Modern GPU Architecture

Figure 2 shows a high-level CUDA C programmer’s view of a CUDA-capable GPU’s architecture. There are four key features in this architecture:

  • The GPU is organized into an array of highly threaded streaming multiprocessors (SMs).
  • Each SM has several processing units called streaming processors or CUDA cores (shown as green tiles inside SMs) that share control logic (shown as a gray rectangle named Control inside SM).
  • The SMs also contain a different on-chip memory (shown as a gray rectangle named Memory inside SMs) shared amongst the CUDA cores inside the SM.
  • GPU also has a much larger off-chip memory, also known as the global memory or VRAM.

Note that CUDA cores in different SMs can’t interact with each other or access memory from other SMs.

As a programmer, it’s important to understand the relationship between programming constructs like grid/blocks/threads and different memory components. It is also important to know about the properties (like size, access latency, etc.) of these memory units.

There are five types of memory in a CUDA device:

Global Memory

  • It can be written and read by the host and device.
  • It has long latency and low bandwidth.
  • Large memory space that resides off-chip.
  • It can be accessed by all threads.

Local Memory (placed inside global memory)

  • It is similar to global memory but can only be used by a single thread.
  • Each thread has its share of local memory where it can place data private to the select thread.

Constant Memory

  • It can be written and read by the host.
  • It can only be read by the device.
  • It has short latency and high bandwidth.
  • Small memory space (~64 KB) that resides off-chip.
  • It can be accessed by all threads.

Shared Memory

  • It can be written and read by the threads within a block.
  • It has a short latency and high bandwidth.
  • Very small memory space (~16 KB per SM) that resides on-chip.
  • It can be accessed by all threads in a block.

Registers

  • It can be written and read by an individual thread.
  • Extremely fast memory (orders of magnitude faster than Global and Shared memory).
  • Very small memory space (~8 KB per SM) that resides on-chip.
  • It is private to each thread.

Latency is the time it takes for data to travel from one point to another, usually measured in milliseconds (ms). Bandwidth is the maximum amount of data that can be sent and received in a given time, usually measured in Mbps or Gbps.

All this might feel a bit too overwhelming. So, here are the key points to remember when writing an application:

  • When copying data from the host, it goes into global memory. Accessing data from global memory takes a long time.
  • Register memory access is very fast (usually two orders of magnitude higher than global memory).
  • Shared memory access is fast (however, slower than a register).

All memories have different functionalities, latencies, and bandwidth. It is important to understand how to declare a variable so that it will reside in the intended type of memory.

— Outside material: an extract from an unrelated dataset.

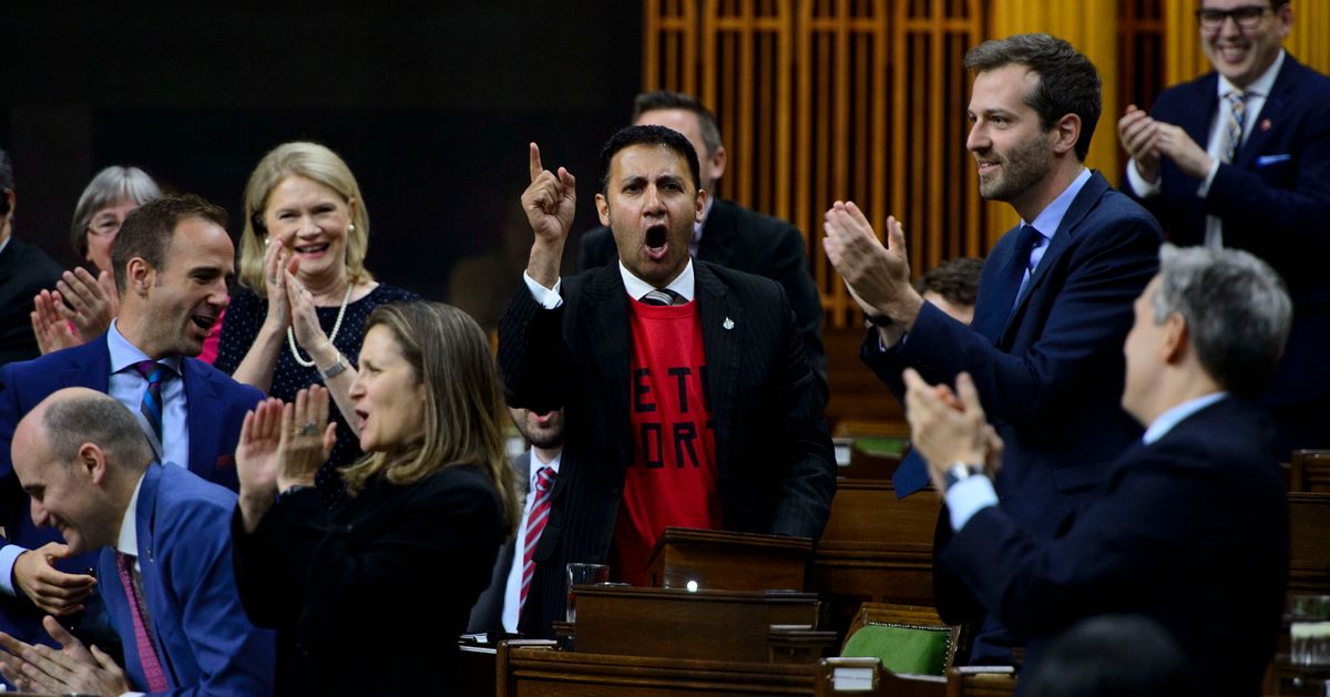 L’élu Arif Virani, t-shirt “We The North” sur la chemise, a ainsi tenu à célébrer les champions NBA.

Hardware-Software Interactions

Thread Blocks and SMs

When a kernel is called, the CUDA runtime system launches a grid of threads that execute the same kernel code. These threads are assigned to SMs on a block-by-block basis, i.e., all threads in a block are simultaneously assigned to the same SM. Consider the vector addition example where vectors are of length 17, and a grid is launched such that each block has 4 threads (with a total of 5 such blocks). Multiple blocks will likely get simultaneously assigned to the same SM. For example, 2 different SMs could end up with 2 and 3 blocks, respectively.

Blocks must reserve hardware resources (like registers, shared memory, etc.) to execute. Hence, a limited number of blocks can be simultaneously assigned to an individual SM.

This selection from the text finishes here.